INSTRUCTIONS FOR THE TASK: Using the entries below, copy exactly each line from the line with "12月下旬頃より順次収穫して" up to and including the line with "鶏の内臓を取り除いた中にきのこや野菜や豚肉などを詰めて、蓮の葉に包み、", with every picture left out.

THE RECORDS:
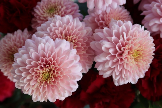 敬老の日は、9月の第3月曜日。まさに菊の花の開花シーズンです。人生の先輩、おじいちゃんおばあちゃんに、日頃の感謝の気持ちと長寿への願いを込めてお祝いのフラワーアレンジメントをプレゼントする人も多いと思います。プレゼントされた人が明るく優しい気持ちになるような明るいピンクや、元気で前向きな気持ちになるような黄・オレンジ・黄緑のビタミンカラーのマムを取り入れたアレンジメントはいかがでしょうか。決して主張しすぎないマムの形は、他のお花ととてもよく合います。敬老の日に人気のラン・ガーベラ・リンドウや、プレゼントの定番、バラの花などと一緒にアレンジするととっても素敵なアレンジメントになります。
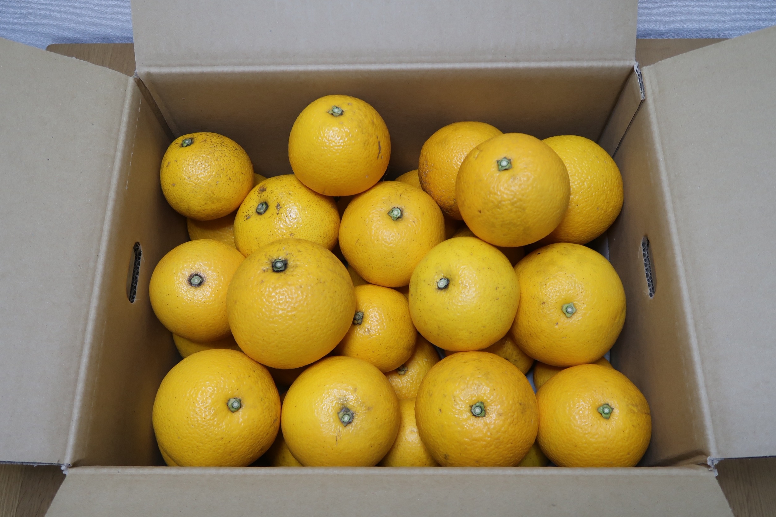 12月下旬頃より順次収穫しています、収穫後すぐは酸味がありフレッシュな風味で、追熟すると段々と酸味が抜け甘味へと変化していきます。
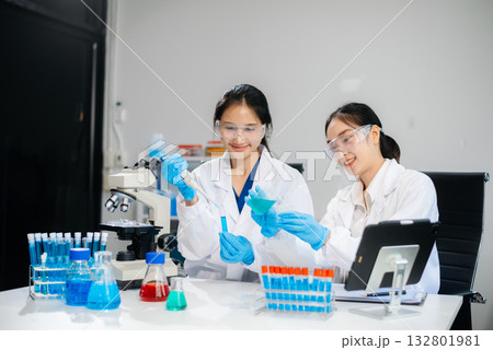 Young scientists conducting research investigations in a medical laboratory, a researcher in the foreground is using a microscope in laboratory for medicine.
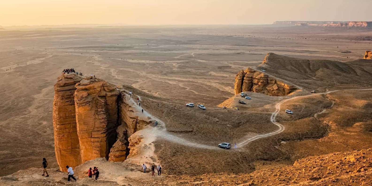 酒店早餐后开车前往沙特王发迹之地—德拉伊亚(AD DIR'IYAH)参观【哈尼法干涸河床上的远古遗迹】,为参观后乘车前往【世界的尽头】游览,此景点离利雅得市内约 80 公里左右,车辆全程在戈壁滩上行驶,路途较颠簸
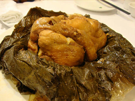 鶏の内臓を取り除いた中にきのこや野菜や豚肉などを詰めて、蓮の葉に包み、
--
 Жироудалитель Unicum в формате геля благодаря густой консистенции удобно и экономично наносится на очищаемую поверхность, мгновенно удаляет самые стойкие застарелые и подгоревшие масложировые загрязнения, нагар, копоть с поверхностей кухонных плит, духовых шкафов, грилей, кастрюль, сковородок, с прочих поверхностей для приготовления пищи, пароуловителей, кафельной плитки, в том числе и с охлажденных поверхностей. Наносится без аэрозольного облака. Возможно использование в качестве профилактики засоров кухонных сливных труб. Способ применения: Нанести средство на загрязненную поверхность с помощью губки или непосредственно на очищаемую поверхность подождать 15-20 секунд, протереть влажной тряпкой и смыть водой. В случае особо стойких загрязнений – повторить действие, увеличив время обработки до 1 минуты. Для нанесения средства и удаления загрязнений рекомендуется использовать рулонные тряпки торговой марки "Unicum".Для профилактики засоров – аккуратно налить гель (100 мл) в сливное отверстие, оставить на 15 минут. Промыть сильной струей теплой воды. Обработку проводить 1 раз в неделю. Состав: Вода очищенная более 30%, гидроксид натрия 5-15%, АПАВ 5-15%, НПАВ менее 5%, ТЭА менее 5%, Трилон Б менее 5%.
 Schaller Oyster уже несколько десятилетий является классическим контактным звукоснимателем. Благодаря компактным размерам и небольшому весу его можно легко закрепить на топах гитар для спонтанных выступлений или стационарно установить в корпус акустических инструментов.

SOLUTION TO THIS EXERCISE:
 12月下旬頃より順次収穫しています、収穫後すぐは酸味がありフレッシュな風味で、追熟すると段々と酸味が抜け甘味へと変化していきます。
 Young scientists conducting research investigations in a medical laboratory, a researcher in the foreground is using a microscope in laboratory for medicine.
 酒店早餐后开车前往沙特王发迹之地—德拉伊亚(AD DIR'IYAH)参观【哈尼法干涸河床上的远古遗迹】,为参观后乘车前往【世界的尽头】游览,此景点离利雅得市内约 80 公里左右,车辆全程在戈壁滩上行驶,路途较颠簸
 鶏の内臓を取り除いた中にきのこや野菜や豚肉などを詰めて、蓮の葉に包み、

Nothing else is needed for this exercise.